How to import your financial data from Mint

If only importing data from Mint were as easy as entering your credentials from inside your new budgeting app and hitting “import.” In fact, any app that advertises the ability to port over your stats from Mint is just going to have you upload a CSV file of transactions and other data.

To download a CSV file from Mint, do the following:

  1. Sign into Mint.com and hit Transactions in the menu on the left side of the screen.

  2. Select an account, or all accounts.

  3. Scroll down and look for “export [number] transactions” in smaller print.

  4. Your CSV file should begin downloading.

Note: Downloading on a per-account basis might seem more annoying, but could help you get set up on the other side, if the app you’re using has you importing transactions one-for-one into their corresponding accounts.

The best budgeting app overall: Quicken Simplifi

No pun intended, but what I like about Quicken Simplifi is its simplicity. Whereas other apps try to distinguish themselves with dark themes and customizable emoji, Simplifi has a clean user interface, with a landing page that you just keep scrolling through to get a detailed overview of all your stats. These include your top-line balances; net worth; recent spending; upcoming recurring payments; a snapshot of your spending plan; top spending categories; achievements; and any watchlists you’ve set up. You can also set up savings goals elsewhere in the app. I also appreciate how it offers neat, almost playful visualizations without ever looking cluttered. I felt at home in the mobile and web dashboards after a day or so, which is faster than I adapted to some competing services (I’m looking at you, YNAB and Monarch).

Getting set up with Simplifi was mostly painless. I was particularly impressed at how easily it connected to Fidelity; not all budget trackers do, for whatever reason. This is also one of the only services I tested that gives you the option of inviting a spouse or financial advisor to co-manage your account.

Dana Wollman / Engadget

In practice, Simplifi miscategorized some of my expenses, but nothing out of the ordinary compared to any of these budget trackers.

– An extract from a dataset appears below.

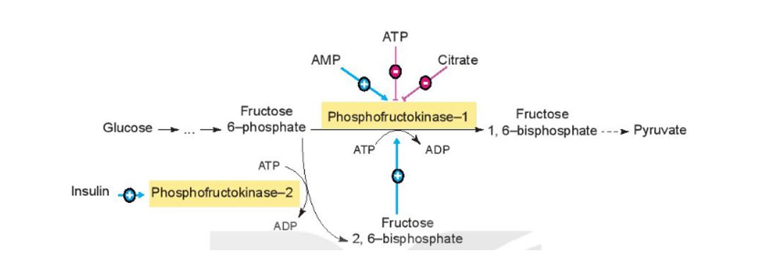 Phosphofructokinase-1 là enzyme quan trọng điều khiển quá trình đường phân, được hoạt hoá dị lập thể bởi AMP và fructose 2, 6–bisphosphate. Khi nồng độ hai chất này tăng sẽ xúc tác chuyển hoá fructose 6-phosphate. Ngược lại, ATP và citrate là chất ức chế enzyme phosphofructokinase-1 nên khi hai chất này tăng sẽ ức chế chuyển hoá fructose 6-phosphate. Fructose 6-phosphate dư thừa do không được chuyển hoá sẽ tạo thành fructose 2, 6-bisphosphate, chất này lại kích thích hoạt động của enzyme phosphofructokinase-1 giúp tăng cường chuyển hoá fructose 6-phosphate.

As you’re reviewing transactions, you can also mark if you’re expecting a refund, which is a unique feature among the services I tested. Simplifi also estimated my regular income better than some other apps I tested. Most of all, I appreciated the option of being able to categorize some, but not all, purchases from a merchant as recurring. For instance, I can add my two Amazon subscribe-and-saves as recurring payments, without having to create a broad-strokes rule for every Amazon purchase.

The budgeting feature is also self-explanatory. Just check that your regular income is accurate and be sure to set up recurring payments, making note of which are bills and which are subscriptions. This is important because Simplifi shows you your total take-home income as well as an “income after bills” figure. That number includes, well, bills but not discretionary subscriptions. From there, you can add spending targets by category in the “planned spending” bucket. Planned spending can also include one-time expenditures, not just monthly budgets. When you create a budget, Simplifi will suggest a number based on a six-month average.

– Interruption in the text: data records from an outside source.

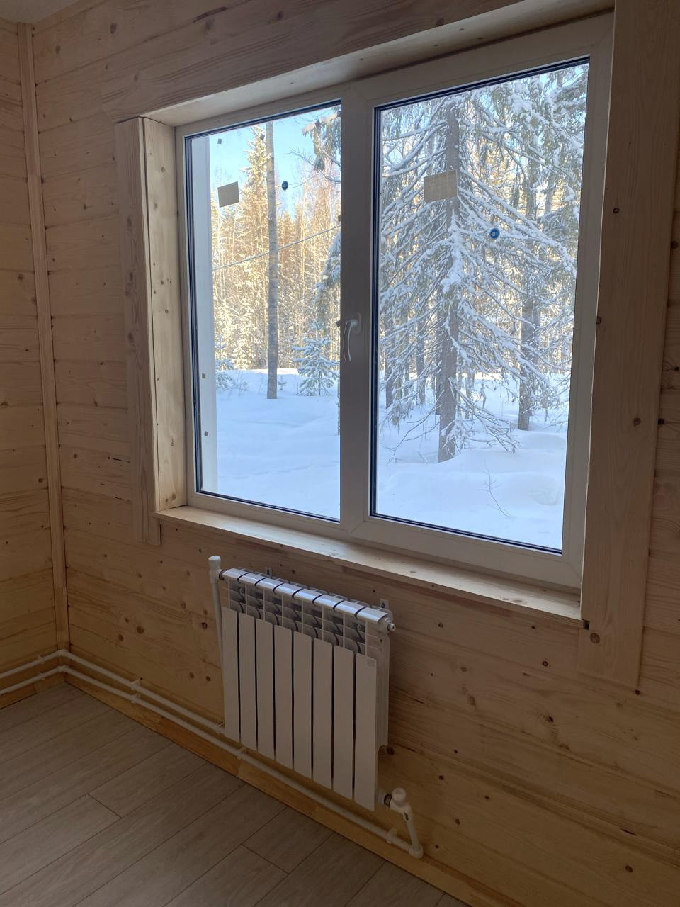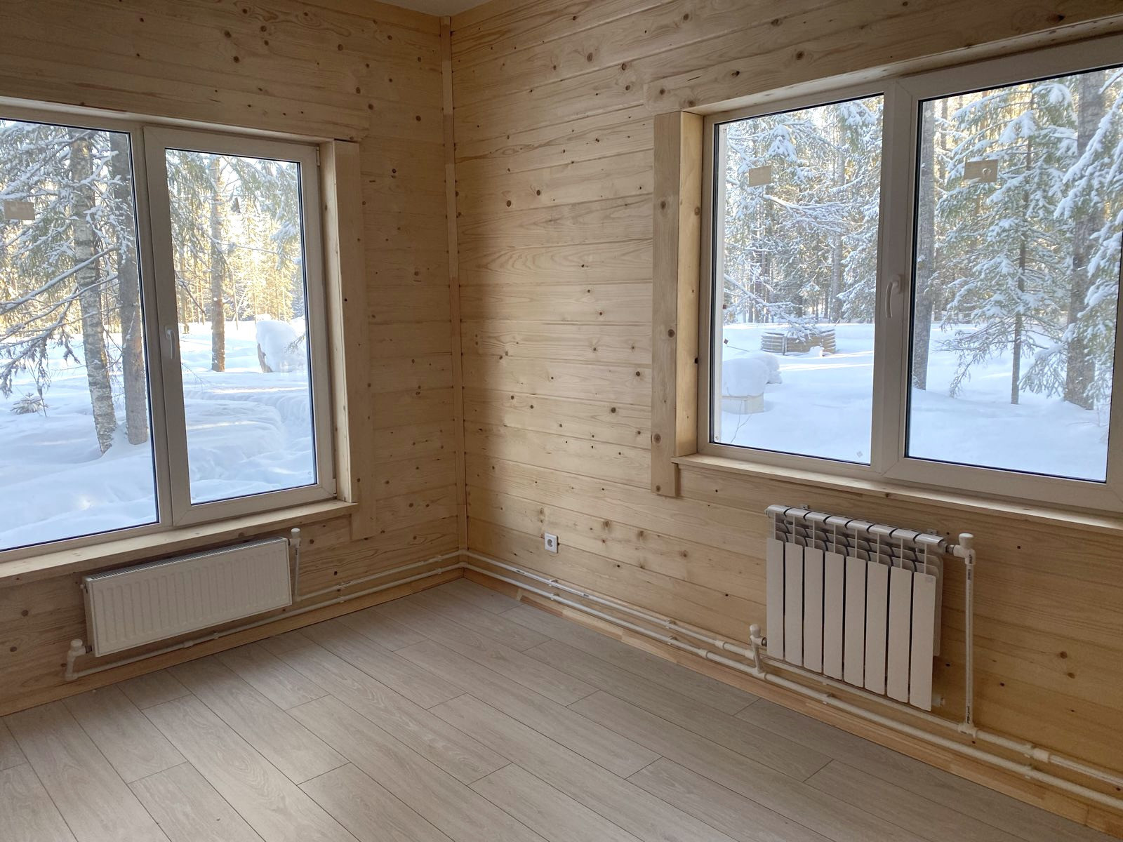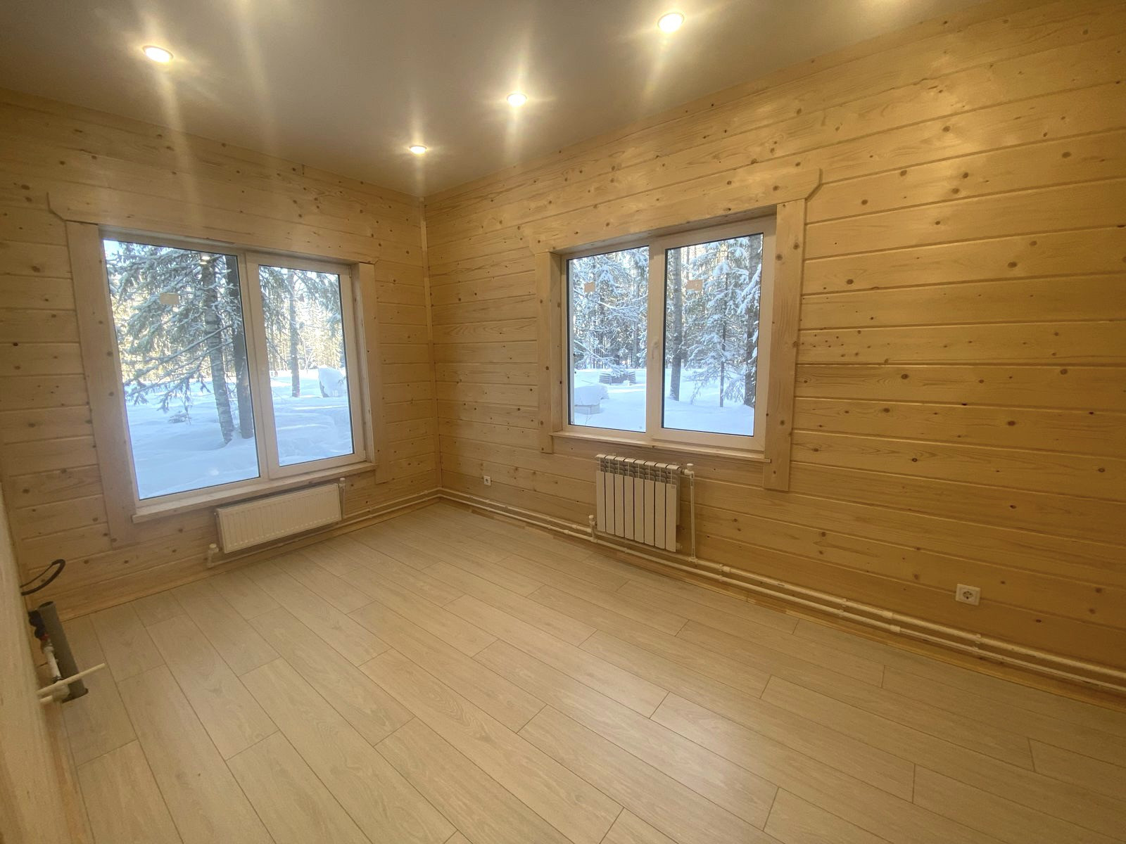 Качественные материалы: влагостойкий дорогой ламинат, двойные стеклопакеты, батареи, межкомнатные двери, натяжные потолки, светильники, установлен унитаз, электрический отопительный котел
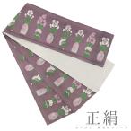 半幅帯 浴衣帯 ゆかた帯 桐生織 正絹 紫 葡萄色 花瓶 花 鉢 和柄 浴衣 おしゃれ 単衣帯 単衣 細帯 日本製 カジュアル 小紋 紬 No.6-1809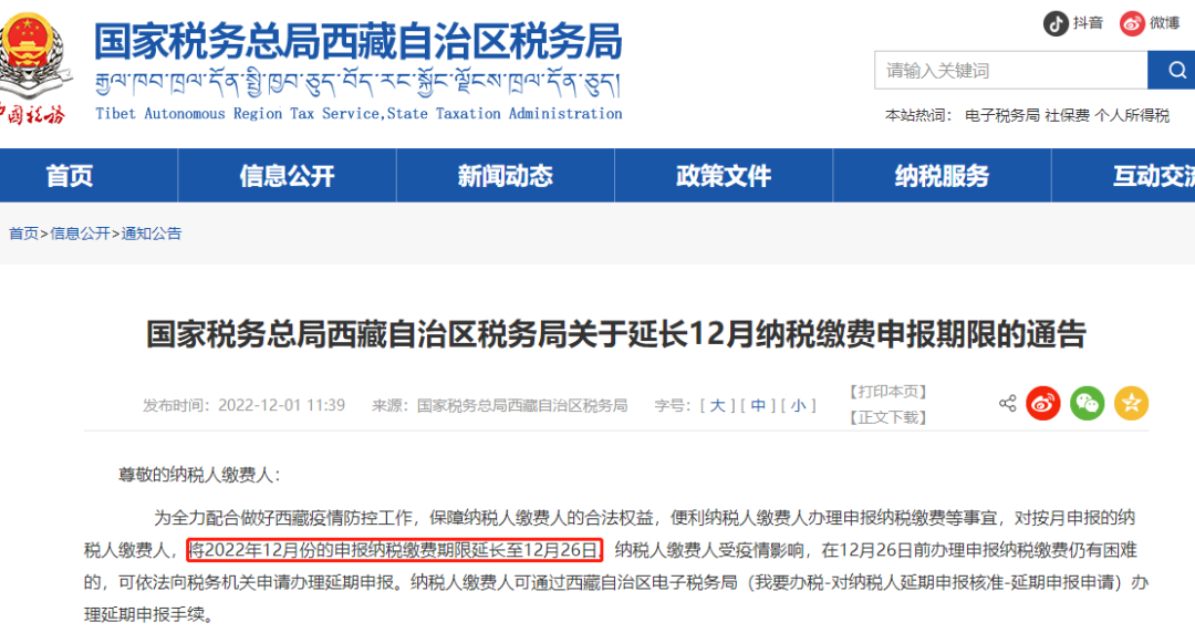 汤汤提醒:12月征期申报常规至15号,不过受疫情影响,部分地区征期延长,目前北京、西藏、甘肃等地已经发布延期提醒,还请互相传达!

Not dealbreakers, but two things to keep in mind as you get started: Simplifi is notable in that you can’t set up an account through Apple or Google. There is also no option for a free trial, though Quicken promises a “30-day money back guarantee.”

The best budgeting app (runner-up): Monarch Money

Monarch Money grew on me. My first impression of the app, which was founded by a former Mint product manager, was that it's more difficult to use than others on this list, including Simplifi, NerdWallet and Copilot. And it is. Editing expense categories, adding recurring transactions and creating rules, for example, is a little more complicated than it needs to be, especially in the mobile app. (My advice: Use the web app for fine-tuning details.) Monarch also didn’t get my income right; I had to edit it.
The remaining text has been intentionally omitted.